▶ Work task
Exact reproduction of every record is required, and pictures are to be excluded.

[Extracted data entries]
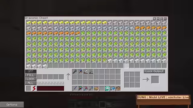 01:54:02Es wird eine automatische Erzverarbeitungsanlage gebaut, wobei besonderer Wert auf das Design gelegt wird. Es werden Auto-Crafting-Tables mit Filtern verwendet, um verschiedene Erze wie Eisen, Aluminium, Kupfer, Zinn und Gold zu sortieren. Die Anordnung der Anlage ist nicht unbedingt die effizienteste, sondern soll optisch ansprechend sein. Eine bestehende Fabrik aus Minecraft Doors dient als Inspiration für eine komplizierte, aber stilvolle Anlage. Die erzeugten Essence Berries werden in das ME-System geleitet und weiterverarbeitet. Item Frames werden zur Kennzeichnung der Filter eingesetzt, und es wird überlegt, wie die Anlage optimiert werden kann, obwohl der Fokus auf dem visuellen Eindruck liegt. Es wird festgestellt, dass die Augmentierungen nicht wie erwartet funktionieren, und die Zuschauer werden um Hilfe gebeten, um das Problem zu lösen. Trotz einiger anfänglicher Fehler bei der Filterung läuft die Anlage schließlich an und verarbeitet die Erze automatisch.
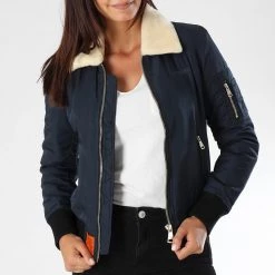 Grosses soldes 🎁 Bomber Femme Col Mouton Barcelone Bleu Marine de Bombers Original 👍
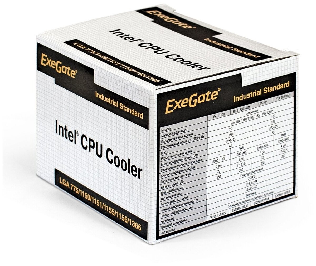Лучшие цены. [Вентиляторы] Exegate EX286138RUS Кулер ExeGate EK-11508 (Al, LGA1150/1151/1155/1156/1200, TDP 75W, Fan 90mm, 2200RPM, Hydro bearing, 3pin, 22db, 285г, с термопастой, на винтах, Retail color box) Exegate EX286138RUS Кулер ExeGate EK-11508 (Al, LGA1150/1151/1155/1156/1200, TDP 75W, Fan 90mm, 2200RPM, Hydro bearing, 3pin, 22db, 285г, с термопастой, на винтах, Retail color box) масса(кг). Магазины в вашем городе.
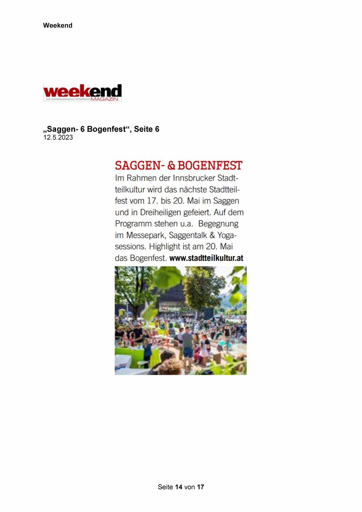Im Rahmen der Innsbrucker Stadtteilkultur wird das nächste Stadtteilfest vom 17. bis 20. Mai im Saggen
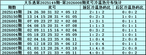 体彩大乐透第26008期奖号为:03 06 17 21 33+05 11,前区奖号奇偶比为4:1,012路比为4:0:1,大小比为2:3,遗漏总值为65,后区号码遗漏总值为5。

▶ Result of this task
 01:54:02Es wird eine automatische Erzverarbeitungsanlage gebaut, wobei besonderer Wert auf das Design gelegt wird. Es werden Auto-Crafting-Tables mit Filtern verwendet, um verschiedene Erze wie Eisen, Aluminium, Kupfer, Zinn und Gold zu sortieren. Die Anordnung der Anlage ist nicht unbedingt die effizienteste, sondern soll optisch ansprechend sein. Eine bestehende Fabrik aus Minecraft Doors dient als Inspiration für eine komplizierte, aber stilvolle Anlage. Die erzeugten Essence Berries werden in das ME-System geleitet und weiterverarbeitet. Item Frames werden zur Kennzeichnung der Filter eingesetzt, und es wird überlegt, wie die Anlage optimiert werden kann, obwohl der Fokus auf dem visuellen Eindruck liegt. Es wird festgestellt, dass die Augmentierungen nicht wie erwartet funktionieren, und die Zuschauer werden um Hilfe gebeten, um das Problem zu lösen. Trotz einiger anfänglicher Fehler bei der Filterung läuft die Anlage schließlich an und verarbeitet die Erze automatisch.
 Grosses soldes 🎁 Bomber Femme Col Mouton Barcelone Bleu Marine de Bombers Original 👍
Лучшие цены. [Вентиляторы] Exegate EX286138RUS Кулер ExeGate EK-11508 (Al, LGA1150/1151/1155/1156/1200, TDP 75W, Fan 90mm, 2200RPM, Hydro bearing, 3pin, 22db, 285г, с термопастой, на винтах, Retail color box) Exegate EX286138RUS Кулер ExeGate EK-11508 (Al, LGA1150/1151/1155/1156/1200, TDP 75W, Fan 90mm, 2200RPM, Hydro bearing, 3pin, 22db, 285г, с термопастой, на винтах, Retail color box) масса(кг). Магазины в вашем городе.
Im Rahmen der Innsbrucker Stadtteilkultur wird das nächste Stadtteilfest vom 17. bis 20. Mai im Saggen
 体彩大乐透第26008期奖号为:03 06 17 21 33+05 11,前区奖号奇偶比为4:1,012路比为4:0:1,大小比为2:3,遗漏总值为65,后区号码遗漏总值为5。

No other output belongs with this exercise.